Standing bodies of water pose real threats to firefighters, who respond to almost all of their calls wearing up to 67 pounds of protective gear.
So what happens if one of those fully-clad firefighters accidentally steps into a backyard swimming pool while fighting a house fire?
"When firefighters are around water, ignorance tells them that if they fell in with turnout gear on, they will drown," said Batt. Chief Danny Kuhlmann, a Martinez Fire Department training officer. "With the weight of the gear and the fear you are going to drown, you will drown."
Kuhlmann organized a training session held Thursday at the Girl Scouts' Camp Tanglewood swimming pool to teach firefighters how to handle that difficult and often frightening situation. The drown-proofing classes have been offered on a volunteer basis at least once a year for the past three years.
Firefighters have the potential to end up in water while responding to calls during floods, at waterfront buildings like those on the Savannah River, homes with spas or swimming pools and flooded trenches, elevator shafts and basements, Kuhlmann said.
"When you are putting water on a fire, which can be up to thousands of gallons per second, the water has to go somewhere, and the water level can rise very, very fast," he said while warning his men to watch out for flooded basements and elevator shafts.
Martinez Fire Department Capt.

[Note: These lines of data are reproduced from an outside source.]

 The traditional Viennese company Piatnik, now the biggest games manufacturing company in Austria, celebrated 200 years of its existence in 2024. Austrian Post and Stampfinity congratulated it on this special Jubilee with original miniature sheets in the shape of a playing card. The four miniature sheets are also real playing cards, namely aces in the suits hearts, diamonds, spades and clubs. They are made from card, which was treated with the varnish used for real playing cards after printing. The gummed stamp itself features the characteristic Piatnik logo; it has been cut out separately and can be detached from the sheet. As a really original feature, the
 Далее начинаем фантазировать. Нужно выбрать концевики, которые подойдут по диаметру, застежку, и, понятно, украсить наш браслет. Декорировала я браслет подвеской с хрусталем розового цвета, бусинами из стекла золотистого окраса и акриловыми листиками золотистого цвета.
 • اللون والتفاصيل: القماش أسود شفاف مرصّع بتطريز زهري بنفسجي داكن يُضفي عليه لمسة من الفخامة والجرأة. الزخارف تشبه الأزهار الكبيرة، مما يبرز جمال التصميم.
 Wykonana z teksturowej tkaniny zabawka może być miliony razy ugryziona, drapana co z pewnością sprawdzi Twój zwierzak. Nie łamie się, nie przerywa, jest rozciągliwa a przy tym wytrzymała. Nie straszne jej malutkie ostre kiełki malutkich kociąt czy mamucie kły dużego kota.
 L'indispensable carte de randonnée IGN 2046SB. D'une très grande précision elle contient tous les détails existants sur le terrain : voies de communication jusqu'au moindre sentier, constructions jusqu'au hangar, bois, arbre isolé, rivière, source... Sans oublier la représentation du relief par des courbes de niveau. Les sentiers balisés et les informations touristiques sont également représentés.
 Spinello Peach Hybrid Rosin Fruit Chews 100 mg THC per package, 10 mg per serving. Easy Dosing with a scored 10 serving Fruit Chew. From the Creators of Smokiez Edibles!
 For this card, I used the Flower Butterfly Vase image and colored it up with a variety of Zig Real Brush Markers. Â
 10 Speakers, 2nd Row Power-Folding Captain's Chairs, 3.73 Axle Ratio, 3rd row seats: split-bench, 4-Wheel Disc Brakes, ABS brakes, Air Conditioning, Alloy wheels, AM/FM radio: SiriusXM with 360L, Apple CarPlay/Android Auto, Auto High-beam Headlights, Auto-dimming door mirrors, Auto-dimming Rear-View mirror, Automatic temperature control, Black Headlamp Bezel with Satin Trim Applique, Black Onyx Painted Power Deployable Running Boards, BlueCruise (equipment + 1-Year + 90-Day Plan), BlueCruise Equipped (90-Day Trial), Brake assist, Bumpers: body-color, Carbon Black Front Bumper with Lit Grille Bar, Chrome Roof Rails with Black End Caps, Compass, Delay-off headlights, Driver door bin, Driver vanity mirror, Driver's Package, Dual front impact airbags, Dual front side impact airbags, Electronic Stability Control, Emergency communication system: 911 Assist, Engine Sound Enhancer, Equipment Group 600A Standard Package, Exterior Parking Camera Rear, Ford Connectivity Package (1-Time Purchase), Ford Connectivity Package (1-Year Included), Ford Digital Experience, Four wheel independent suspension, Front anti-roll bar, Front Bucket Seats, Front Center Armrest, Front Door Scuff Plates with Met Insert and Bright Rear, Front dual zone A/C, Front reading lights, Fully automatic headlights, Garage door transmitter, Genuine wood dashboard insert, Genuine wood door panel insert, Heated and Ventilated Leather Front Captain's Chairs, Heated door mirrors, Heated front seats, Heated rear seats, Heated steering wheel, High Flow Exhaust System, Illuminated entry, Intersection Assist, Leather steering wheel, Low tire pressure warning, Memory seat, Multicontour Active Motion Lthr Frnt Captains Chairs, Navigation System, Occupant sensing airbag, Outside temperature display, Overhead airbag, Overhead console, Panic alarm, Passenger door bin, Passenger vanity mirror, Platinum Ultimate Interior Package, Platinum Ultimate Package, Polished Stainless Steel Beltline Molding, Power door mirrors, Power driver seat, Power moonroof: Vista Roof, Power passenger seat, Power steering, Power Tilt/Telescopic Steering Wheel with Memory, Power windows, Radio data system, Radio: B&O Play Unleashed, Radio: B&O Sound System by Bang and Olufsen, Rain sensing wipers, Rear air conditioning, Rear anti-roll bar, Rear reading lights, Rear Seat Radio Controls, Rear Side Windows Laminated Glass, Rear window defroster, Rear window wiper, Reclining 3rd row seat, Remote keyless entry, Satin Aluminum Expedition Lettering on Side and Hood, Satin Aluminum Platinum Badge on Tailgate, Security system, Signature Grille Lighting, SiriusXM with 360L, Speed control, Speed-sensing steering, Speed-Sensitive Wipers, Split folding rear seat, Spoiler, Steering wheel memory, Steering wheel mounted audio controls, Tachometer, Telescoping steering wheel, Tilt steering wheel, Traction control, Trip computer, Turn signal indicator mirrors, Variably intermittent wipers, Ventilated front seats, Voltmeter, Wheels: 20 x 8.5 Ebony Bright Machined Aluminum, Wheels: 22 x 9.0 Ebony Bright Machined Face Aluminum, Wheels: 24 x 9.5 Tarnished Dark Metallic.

Mike Chambers (left) watches firefighter Leo Zahare as he practices drown-proofing techniques at Camp Tanglewood.
Photo by Valerie Rowell
In recent years, the department has encountered a water threat twice while fighting residential fires. One firefighter fell into a backyard swimming pool and another accidentally stepped into a hot tub, Kuhlmann said.

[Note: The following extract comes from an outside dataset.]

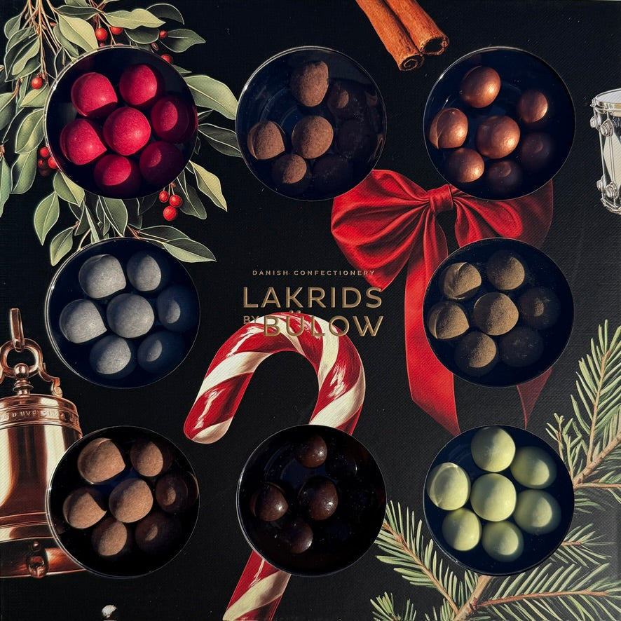 A perfect gift box of 8 different flavours of Lakrids chocolate covered liquorice balls. There are 7-8 pieces of each flavour (350g total).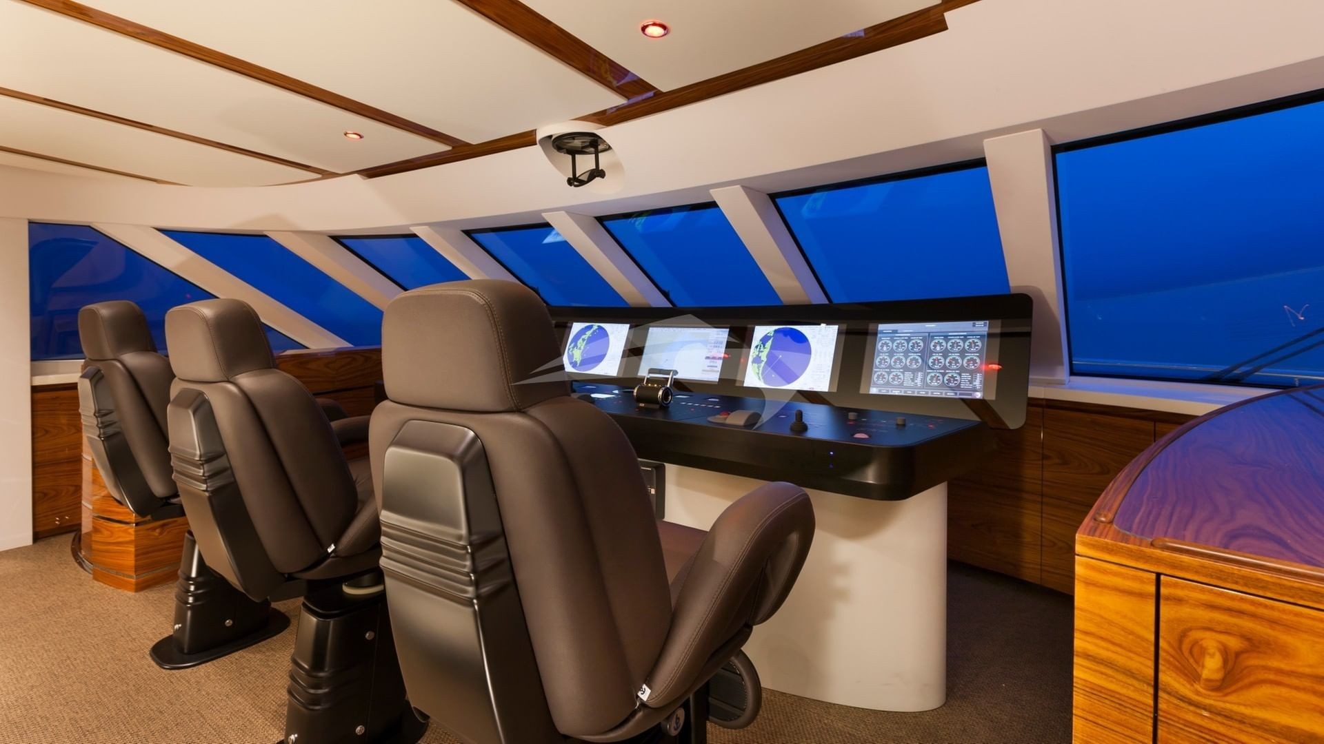 The result, is 457 Gross Registered Tons powered by twin 3696 HP MTU engines that deliver in excess of 25 knots top speed as well as efficient ocean-crossing range at reduced speed. Her three decks plus Sundeck design provides outstanding elegance for her passengers comfort. The Helm is loaded with the latest State-Of-The-Art equipment to keep you and your group as safe on the water as you are at home in bed.

On Thursday, more than 30 Martinez firefighters gathered around the pool taking turns practicing drown-proofing techniques in the water and simulating a real-life drowning situation. That meant firefighters had to get into the water in full gear to practice flotation and removing equipment while submerged.
"It is not as easy as everyone thinks it is. It is tiring more than anything else," said Mike Thorn, a firefighter who demonstrated the slow gear removal techniques for new volunteers.
They also learned several air-trapping and bobbing techniques.
Because moving around can waste valuable air and energy, the key is to trick your mind into relaxing, which keeps respiration and heart rates low, Kuhlmann said.
"If you move, you are losing air," he said his soon-to-be soggy students. "You have to fight the urge to struggle, because that is what is going to cause you to drown. You have to stop, train, think and act. You have got to have an action plan to get out of this."
Two by two, the firefighters geared up and jumped into the deep end. They had to use the trapped air in their helmets, jackets and boots to keep them afloat while keeping as submerged and still as possible. When the self-contained breathing apparatus was the only gear left, the firefighter could rip it off and swim to shore.
"I enjoyed it," said Leo Zahare, a first-year volunteer. "It did get freaky at first when you get the mask submerged for the first time."